Restate, exactly and without pictures, the lines from the start of the listing below through the line holding "Apartamento Monoambiente en".
** Recorded data follows **
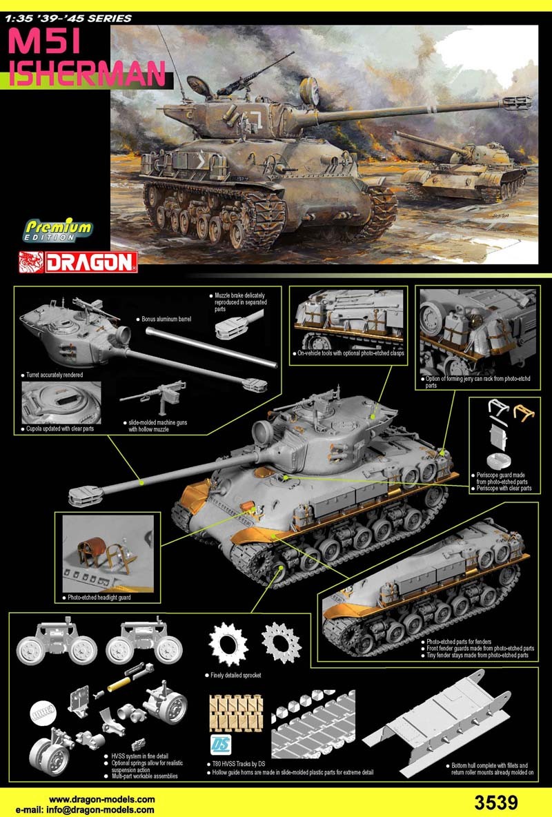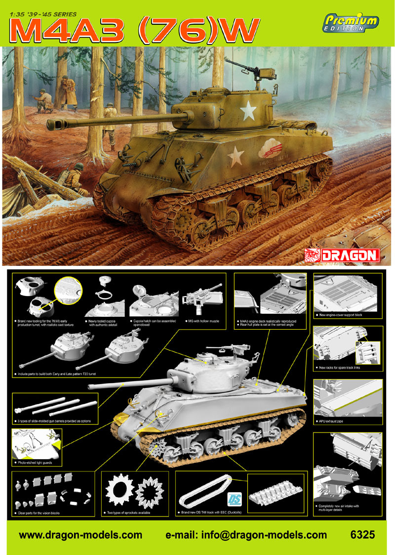 드래곤 제품은 인기에 비해 그동안 값비싼 레진제품 외에 모형화 되지 않았던 파이어플라이의 인?션화와 그리고 기본형이 되는 M4A4 씨리즈의 출시외 한국전쟁 참가차량 사양으로 만들수 있는 M4A3E8 이지에잇 씨리즈를 출시한데 만족해야했습니다.
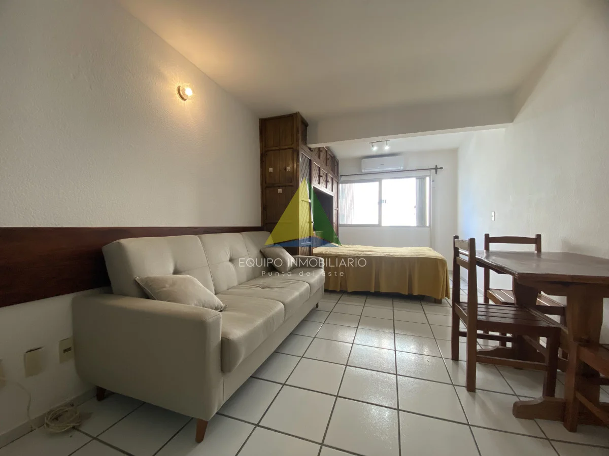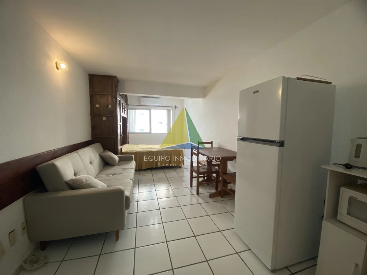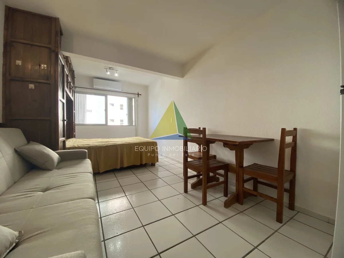 Apartamento Monoambiente en venta. Cuanta con recepción, piscina, hermoso parque con mucho verde, parrilleros y gimnasio. Gastos anuales bajos. Se puede arrendar anual en $25.000 por mes, también buena renta en verano o para vivir todo el año dado su ubicación cerca del shopping, de la península y de la playa.
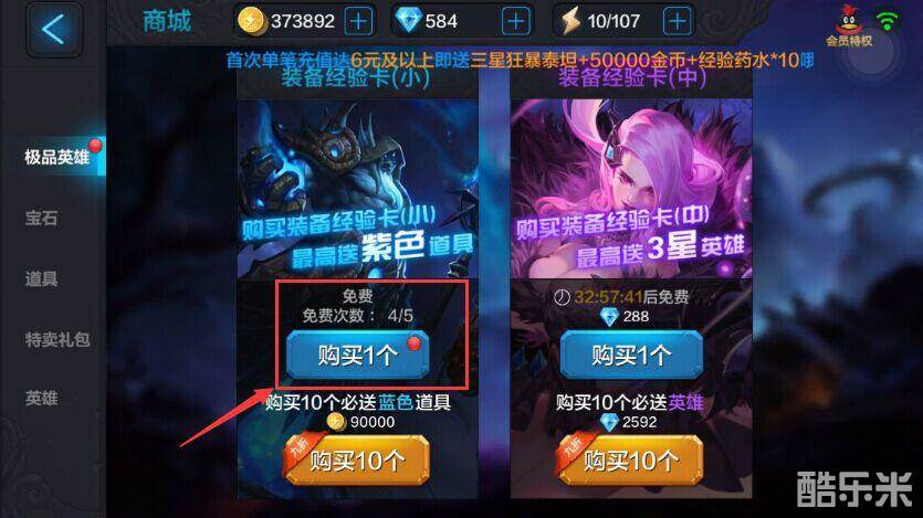 商城每日都有免费金币抽装备的地方,请看下图,每天免费五次,每次抽完后间隔时间是5分41秒!这里最高会爆紫装,紫装啊 !!帮你后期升级英雄装备,省了多少事你造吗?!听我的,一定要去抽!!不抽白不抽!
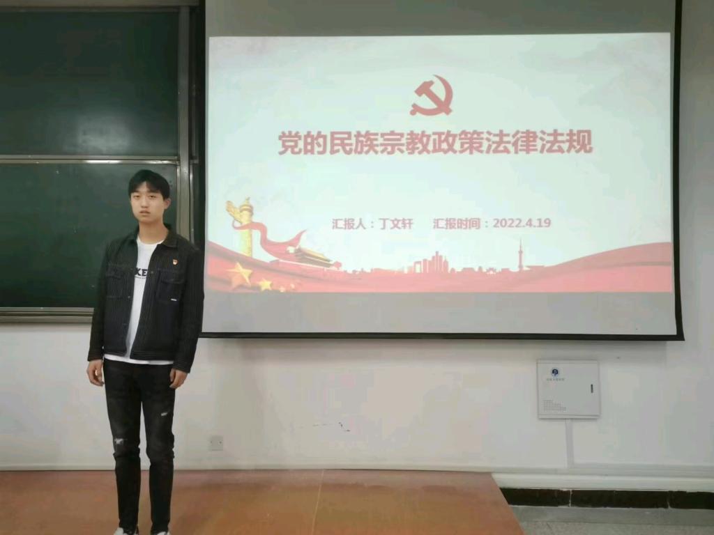为加强我院学生对党的民族宗教政策法律法规的认识,4月19日晚,我院辅导员丁文轩于A10-103开展以“党的民族宗教政策法律法规”为主题的党课培训。
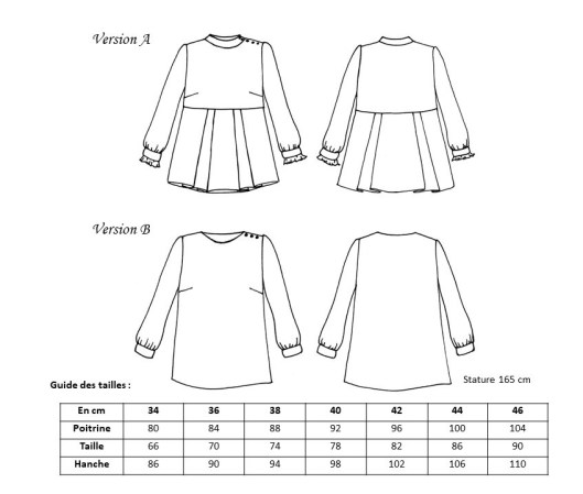 Le patron est proposé de la taille 34 à 46. Vu l’ampleur du modèle au niveau des basques, j’ai choisi de coudre intégralement cette blouse en taille 36 (mesure qui correspondait à mon tour de poitrine). Il n’y a pas de tableau des mesures finies du vêtement, ce qui ne permet pas de se rendre compte de l’aisance apportée au modèle : Attention donc car la coupe est très ajustée au niveau du haut du corsage et ample au niveau du bas. A l’essayage, je me suis rendue compte que ça tiraillait un peu au niveau de la carrure et que c’était un peu juste en matière de longueur d’épaule.
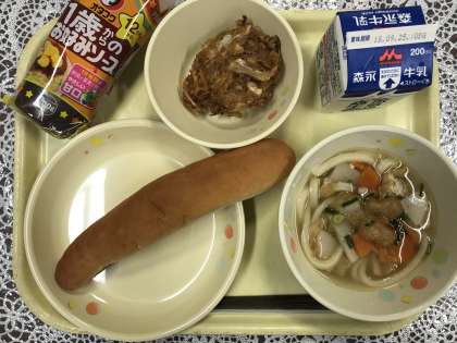9月18日(火)の給食献立は、きざみうどん、フィンガーパン、おこのみ揚げ、おこのみソース、牛乳でした。
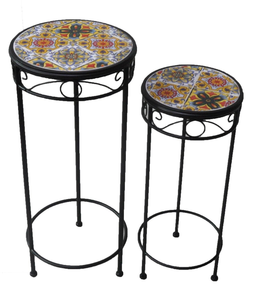 Set 2 Portapiante a Sgabello da Esternto in Ferro Battuto con Mosaico Soriani Ravello
** End of Recorded data **
Worked solution
 드래곤 제품은 인기에 비해 그동안 값비싼 레진제품 외에 모형화 되지 않았던 파이어플라이의 인?션화와 그리고 기본형이 되는 M4A4 씨리즈의 출시외 한국전쟁 참가차량 사양으로 만들수 있는 M4A3E8 이지에잇 씨리즈를 출시한데 만족해야했습니다.
 Apartamento Monoambiente en venta. Cuanta con recepción, piscina, hermoso parque con mucho verde, parrilleros y gimnasio. Gastos anuales bajos. Se puede arrendar anual en $25.000 por mes, también buena renta en verano o para vivir todo el año dado su ubicación cerca del shopping, de la península y de la playa.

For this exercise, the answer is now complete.